Вслед за этим жестокосердием следует другое, быть может, еще худшее: идущие той же дорогой люди равнодушно проходят мимо лежащего, истекающего кровью человека. Прошел мимо священник. Левит (то есть человек из священнического рода, помогавший священнику при богослужении) поступил еще хуже: подошел, посмотрел, полюбопытствовал, как страдает и умирает человек, и пошел своей дорогой. В лице этих двух людей мимо израненного человека прошло как бы все ветхозаветное человечество. Одна половина этого человечества ранила его и бросила умирать на дороге, другая прошла равнодушно мимо его страданий.
Проезжал тем же путем какой-то самарянин (полуязычник, само наименование этого народа было у древних иудеев бранным и презрительным словом) и, увидев на дороге окровавленного человека, сжалился над ним. Вот и все, что произошло: один человек пожалел другого! Свершилось настоящее чудо, через которое самый грешный и слабый из нас может соделаться сопричастником Божественной правды и славы.
Подойдя к лежащему на дороге раненому, самарянин тотчас «перевязал ему раны, возливая масло и вино; и, посадив его на своего осла, привёз его в гостиницу и позаботился о нём» (Лк. 10:34). После этого милосердный самарянин мог бы уехать с чистой совестью. Но нет! «На другой день, отъезжая, вынул два динария, дал содержателю гостиницы и сказал ему: позаботься о нем». Казалось бы, теперь уже все сделано им. Но совесть этого святого человека продолжает быть неудовлетворенной: он обращается к хозяину гостиницы и говорит ему: «и если издержишь что более, я, когда возвращусь, отдам тебе» (Лк. 10: 35).
Так говорит Евангелие.
В Москве стояла тяжелая июльская жара. Только рассвело. На Воробьевых горах, против Девичьего поля, откуда в погожий, ясный день видна вся Первопрестольная со многими церковными главами, башнями и особняками, уже проснулись.

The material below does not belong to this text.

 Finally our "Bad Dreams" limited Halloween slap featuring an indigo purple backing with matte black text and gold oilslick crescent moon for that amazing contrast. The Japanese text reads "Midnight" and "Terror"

В окруженных глухим забором, длинных, с зарешеченными окнами бараках пересыльной тюрьмы шла начавшаяся с четырех часов утра усиленная работа сдачи и приемки отправляемых арестантов. В отправлявшейся партии было 80 человек, мужчин и женщин. 28 из них шли в пожизненную каторгу. Всех надо было проверить по статейным спискам и передать конвойным. Арестанты, волоча закованные ноги, в блинообразных шапках на обритых головах, в одинаковых серых штанах и халатах с тузами на спинах по одному подходили к столу, за которым восседало тюремное начальство и конвойный офицер с писарем, и отмечались.

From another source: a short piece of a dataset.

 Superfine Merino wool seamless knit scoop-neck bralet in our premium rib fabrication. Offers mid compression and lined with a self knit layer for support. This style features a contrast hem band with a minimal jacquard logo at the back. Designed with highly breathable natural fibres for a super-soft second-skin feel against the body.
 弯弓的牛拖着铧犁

Снаружи острога, у ворот, стояли, как обычно, часовой с ружьем, десятка два ломовых под вещи арестантов и кучка родных и зевак, дожидавшихся выхода партии. К воротам подъехала обшарпанная, видавшая виды пролетка. Кучер в потрепанном кафтане погонял двух облезлых разномастных кляч. За ним сидел укрытый до пояса потрескавшейся кожаной полостью высокий, широколицый, коротко стриженный старик. Солдаты беспрекословно распахнули ворота, и пролетка въехала внутрь. Старик внимательно оглядывал двор большими, очень выпуклыми глазами, светло-голубыми, по-детски блестящими.
– Здравствуйте, Федор Петрович! Доброго здоровья, доктор! – доносилось со всех сторон.
Доктор кивал направо и налево в ответ на приветствия и поклоны, приподнимая суконную фуражку с кожаным козырьком. Откинув полость, под которой громоздились корзины и коробки, он легко, не по-стариковски, сошел с пролетки.
– Послюшая, милый мальшик, и ты, братес, и ты, братес! – с сильным акцентом обратился он к конвойным. – Берите корсины, берите ящики, несите за мной, куда я пойду. Будем давать гостинцы. Где есть староста? Ага, здравствуй, здравствуй, братес, старый знакомес. Расскажи, кто есть сильно усталый. Никто не плакал? Никто не жалелся? Это карашо!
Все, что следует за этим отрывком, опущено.